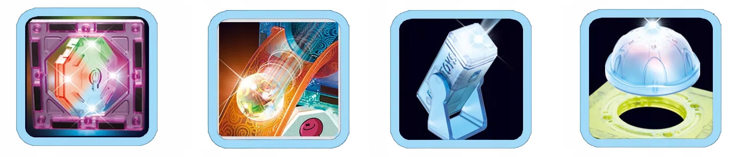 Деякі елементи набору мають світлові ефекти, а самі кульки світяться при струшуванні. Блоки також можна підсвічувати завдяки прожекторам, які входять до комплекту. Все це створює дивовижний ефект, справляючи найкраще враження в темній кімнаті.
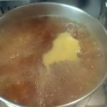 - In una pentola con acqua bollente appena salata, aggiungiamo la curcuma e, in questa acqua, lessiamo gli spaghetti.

* * *

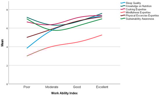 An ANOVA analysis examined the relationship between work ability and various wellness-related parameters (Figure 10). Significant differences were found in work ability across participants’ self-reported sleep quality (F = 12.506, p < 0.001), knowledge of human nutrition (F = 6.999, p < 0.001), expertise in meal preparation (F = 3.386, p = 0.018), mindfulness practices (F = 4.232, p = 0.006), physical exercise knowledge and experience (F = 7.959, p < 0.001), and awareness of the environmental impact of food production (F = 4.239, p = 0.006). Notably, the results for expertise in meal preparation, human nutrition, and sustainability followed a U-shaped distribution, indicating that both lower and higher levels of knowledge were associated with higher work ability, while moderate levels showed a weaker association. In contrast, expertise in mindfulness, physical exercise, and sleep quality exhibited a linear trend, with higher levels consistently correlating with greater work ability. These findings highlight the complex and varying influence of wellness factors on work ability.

• EXERCISE DIRECTIONS:
From the material above, reproduce only what runs from the line holding "Деякі елементи набору" down to the line holding "- In una pentola", both included, pictures excluded.

• OUTPUT:
 Деякі елементи набору мають світлові ефекти, а самі кульки світяться при струшуванні. Блоки також можна підсвічувати завдяки прожекторам, які входять до комплекту. Все це створює дивовижний ефект, справляючи найкраще враження в темній кімнаті.
 - In una pentola con acqua bollente appena salata, aggiungiamo la curcuma e, in questa acqua, lessiamo gli spaghetti.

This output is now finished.